她翻身上马,独自策马朝着附近的高坡而去。
坡上的风更烈,吹得她的玄衣猎猎作响。她摘下染血的青铜面具,露出一张苍白疲惫的脸。眉眼间还带着未散的杀气,却又掺着几分说不清道不明的恍惚。
她望着远处敌军撤退的方向,那里烟尘滚滚,早已没了人影。
一股强烈的不安,像潮水一样涌上来,将她裹住。
这场仗,赢得太顺利了。
裴霄是镇守边疆数十年的老将,用兵沉稳,作战狠厉,绝不该这么轻易就败退。而且她分明感觉到,方才对阵时,敌军的人数比她预想的少了太多。
像是……像是故意在撤退。而不是被打败。
她站在高坡上,迎着风,开始一点点回想战场上的细节。
敌军的阵型,从一开始就乱得反常,像是根本没准备好迎战。
裴霄和她对战时,明明有好几次可以提前撤退,却偏偏硬撑着,像是在刻意拖延时间。
还有那些敌军士兵,大多是面生的新兵。她熟悉的、裴霄麾下那些身经百战的精锐,一个都没见着。
越想,心头的疑云越重。
“这场仗,打得蹊跷。” 她低声说,眉头紧锁。
一个念头猝然闪过:这场仗,会不会是有人故意安排的?安排她来打,安排裴霄来送死?
可她立刻又否定了这个想法。谁会有这么大的手笔?裴霄是靖国的顶梁柱,是武安侯,谁会把他当成弃子?这么做,又图什么?
可心里的不安,像生了根,怎么也压不下去。
就在这时,身后传来马蹄声。
副将策马上坡,抱拳躬身:“将军,伤亡统计出来了。”
云浅月接过战报,指尖划过纸面,扫过那些数字——己方伤亡寥寥,是场无可挑剔的漂亮胜仗。可她脸上没有半分喜色,只抬眼问:
“敌军伤亡呢?”
“回将军,比咱们多一倍。但……”副将顿了顿,压低声音,“属下觉得有点奇怪。”
“哪里奇怪?” 云浅月的目光骤然锐利。
“敌军的精锐好像不在。”副将的声音里带着疑惑,“打起来的时候,那些跟着武安侯多年的老兵油子一个都没见着。冲在前面的全是新兵,像是……像是故意送上来的。”
这话像一根针,狠狠刺中了云浅月心底的疑虑。
她的心猛地一紧——
果然,不是她的错觉。
策马回营的路上,云浅月一路沉默。
风从耳边刮过,带着血腥味。她的脑子里反复回放着战场上的每一个细节:乱掉的阵型,裴霄刻意的拖延,消失的精锐,还有那过于顺利的胜利。
这根本不是一场简单的遭遇战。
更像是有人布了一个局,把裴霄推到了她的刀下,又在最后一刻,让他“恰到好处”地撤退。
可谁会这么做?
一个名字突然跳出来——无尘。
那个神秘莫测的国师,萧衍登基前突然冒出来的“贵人”。每次见她,脸上都带着似笑非笑的神情,说的话也总是话里有话。

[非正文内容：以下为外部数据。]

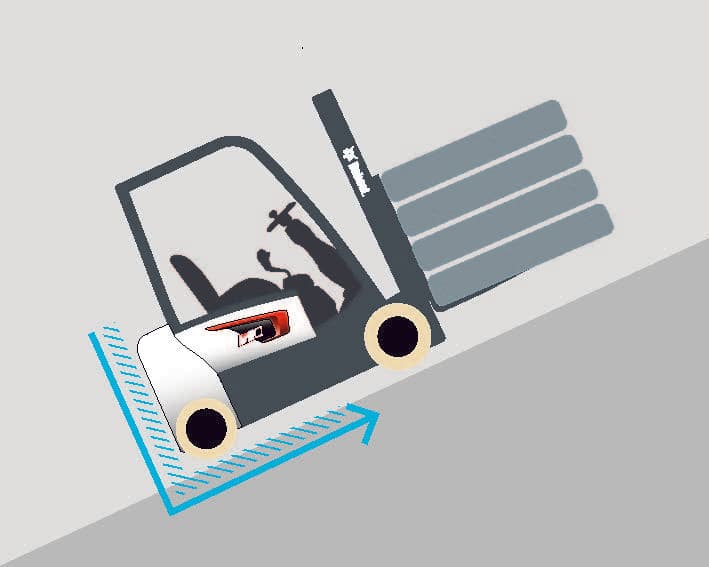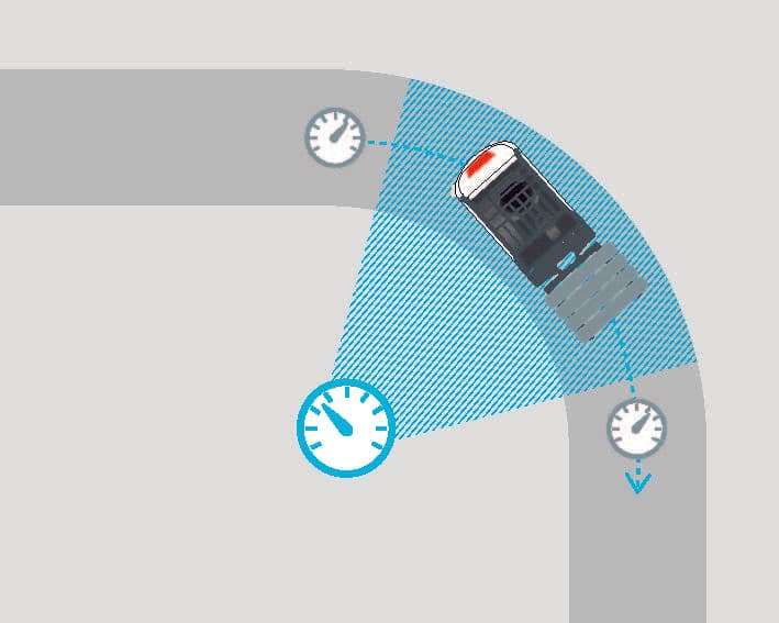 Ökad styrvinkel minskar svängradien och förbättrar manövrerbarheten.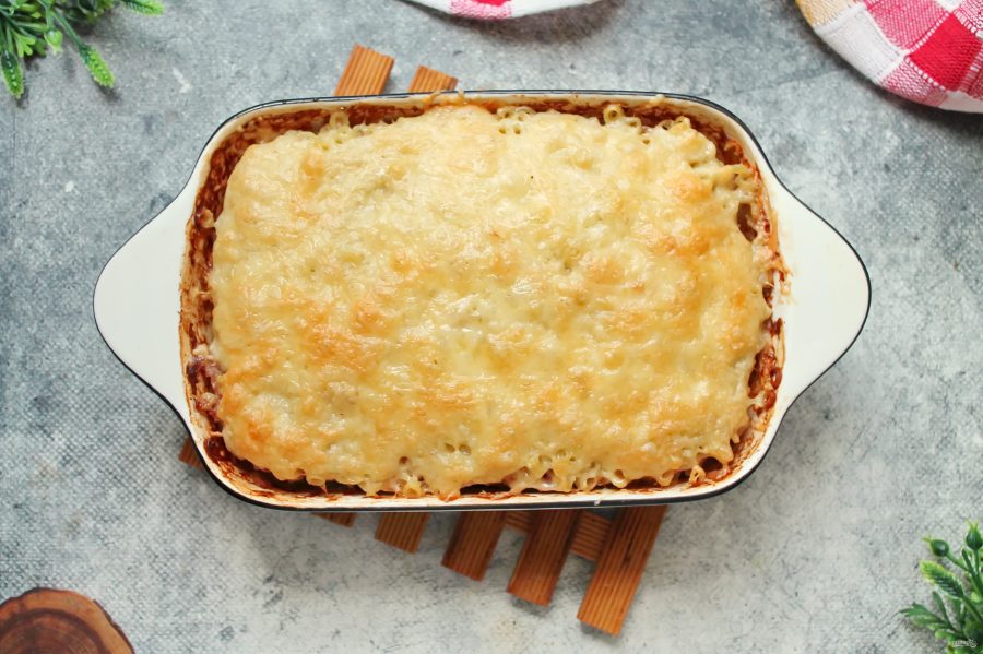 Выложите снова 1/3 макарон, следующим слоем оставшийся фарш и сверху выложите оставшиеся макароны ровным слоем. Форму с запеканкой покройте фольгой и поставьте в горячую духовку. Готовьте запеканку в течение 25 минут при температуре 180 градусов.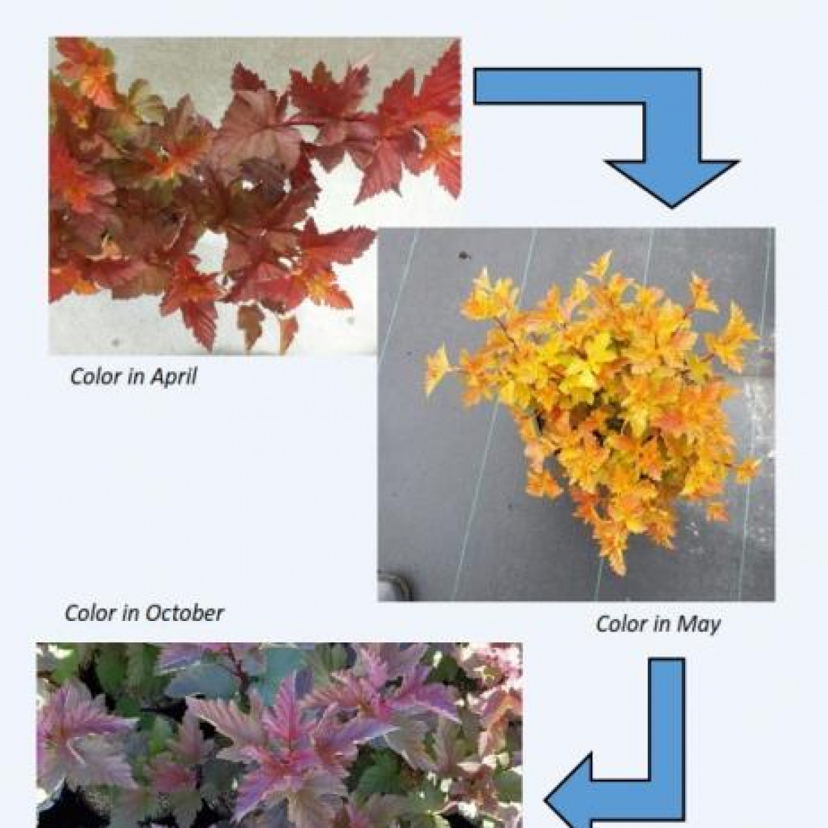 Высота и ширина до 1,2м. Побеги ярко-оранжевые. Листья оранжево-желтые, осенью становятся красными. Цветки белые. Солнце, полутень.

她对他一直有种说不清的戒意。此刻想来,那戒意竟越发清晰。
“无尘……这个人到底想做什么?” 她低声自语,指尖攥紧了缰绳。
回到营帐,她脱下沉重的盔甲,摘下面具。
将那副玄色的冰冷铠甲扔在地上,露出里面的中衣,早已被汗水浸透。她坐在案前,手指无意识地摩挲着脖颈间挂着的那块玉佩——那是师父云中鹤留给她的,刻着一个“云”字。
师父说过:
“战场上,胜利的时候,反而要最警惕。因为你看不见的刀,往往藏在胜利背后。”
那时她还不懂,只当是师父的老生常谈。可此刻,指尖触到冰凉的玉佩,她忽然好像懂了。
胜利背后的刀,才最致命。
她又想起裴烬。
想起裴霄今日的狼狈,想起那一刀如果没有偏半寸,裴烬就会失去他的父亲。她不知道自己为什么会手软,明明在战场上,她该是没有心的。
可她确实手软了。
“裴烬,你知不知道,我今天差点杀了你父亲?”
她靠在案边,声音轻得像一阵风,散在空荡的营帐里。
无人应答。
夜深了。
云浅月站在营帐外,望着头顶的星空。夜色浓黑,星星稀疏。风里带着边境特有的寒意,吹得她的发丝乱飞。
心里的不安越来越强烈。像一张网,一点点收紧,勒得她喘不过气。
她知道,这场仗只是个开始。后面一定还有更大的事在等着她,等着裴烬,等着这两个国家。
她不知道那是什么,但能清晰地感觉到——
有一张无形的网,正在以她和裴霄的这场仗为节点,缓缓收紧。
她想起无尘那张永远带着笑意的脸,想起他上次见她时,慢悠悠说的那句:“云姑娘,后会有期。”
一股寒意顺着脊背爬上来。她打了个寒噤,下意识裹紧了披风。
转身回营的瞬间,那寒意却怎么也驱不散。
像是渗进了骨头里。
画面切换。
长风门驻地,夜色同样深沉。
裴烬站在窗前,手里攥着一份皱巴巴的战报。边角都被他捏破了。
战报上的 “无名将军” 四个字,像烧红的烙铁,狠狠烫在他的眼底。
他知道那是她。
是那个在月下和他对饮,会笑着逗他“你吃醋了”的云浅月。
是那个在魔教遇险时,守了他一夜的云浅月。
是他放在心尖上,哪怕一开始存了利用之心,却终究动了真情的云浅月。
可现在,战报上写着,她率领大军,重创了武安侯的旧部。
杀了他父亲麾下无数将士。
“她在杀我的人。”
他低声说,声音沙哑得像被砂纸磨过:
“我爱的人,在杀我的人。”
他握紧战报,手指关节发白,几乎要将纸张捏碎。
他想冲去边境,想揪着她的衣领问她为什么。
想拔出烈阳枪,和她拼个你死我活。
想质问她那句“等你想清楚再来找我”,是不是从头到尾都是骗他的。
可他什么都做不了。
他只是个流亡的世子。武安侯府满门被诬陷,他连自己的亲妹妹都护不住。又凭什么去质问她?
周虎来劝了他好几次,让他歇着,都被他挥手打发。
他就那么站着,从天黑站到天亮,望着边境的方向。
眼睛红得像要滴血。
“云浅月,你为什么要骗我?”
“你让我怎么办?”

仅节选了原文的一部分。